In no particular order and more out of an urgency to break through this writing assignment to my real existence than in an effort to come to some grand structural conclusions, I’ll now say a few things about last year’s Academy Award winner and next year’s. Yes, I know what’s going to win, and I know why. Listen.

Shakespeare In Love kicked Saving Private Ryan’s ass because the latter had no meta-showbusiness or technological dimension. Shakespeare In Love had a lot, in its pre-Edisonic way. I don’t have the space here to go into it, but like a pale shadow of the works of Shakespeare himself–possibly the Onlie Begetter of dramatized existential anxiety–the movie addressed the relation between real existence and the productions that emulate it. Never mind. Whatever it is I’m talking about, I’m telling you that Saving Ryan’s Privates had none of it.

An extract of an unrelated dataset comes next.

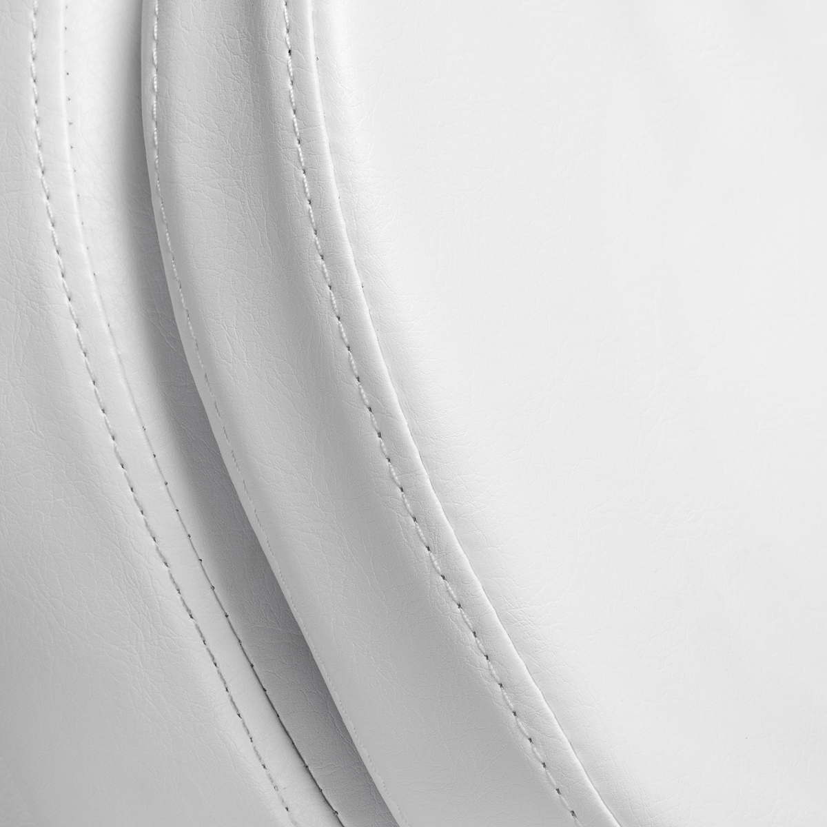 De stoel is gevuld met voorgevormd schuim en bedekt met aangenaam aanvoelend synthetisch leer in wittinten. Door het gebruikte materiaal is de apparatuur gemakkelijk schoon te maken en bestand tegen vocht en geselecteerde ontsmettingsmiddelen. Een stevige basis van duurzaam wit materiaal zorgt voor stabiliteit tijdens behandelingen. Goed geprofileerde zomen geven de stoel een stijlvolle uitstraling en maken de zitting ergonomisch. Dankzij het minimalistische, eenvoudige ontwerp en klassieke kleuren past hij in elk interieur.

Now, for next year’s winner. This unconscious, postmodern appearance/reality anxiety showing no signs of easing but rather the opposite, the winner–barring the arrival of a supervening and superior film with the same deep agenda–has to be the first romantic comedy to grow out of it, Notting Hill. It’s a pretty good movie, a monster hit, and it’s directly about the subject that I’m trying to convince you is on our minds and in the mirror that Hollywood holds up to our minds. Movie star tries to break through her artificial life into a real existence. Can we talk? Man poses as a reporter to get next to her. Can we please talk? The film’s treacly coda, in which Hugh and Julia idyll on a park bench, is meant to represent the triumph of reality, don’t you think? I mean, look at even the poster for the movie–Hugh Grant posing in front of a (get ready for this) poster of Julia Roberts. If only you and I were there with them, in real life, we could just find a nearby park bench and sit down and talk.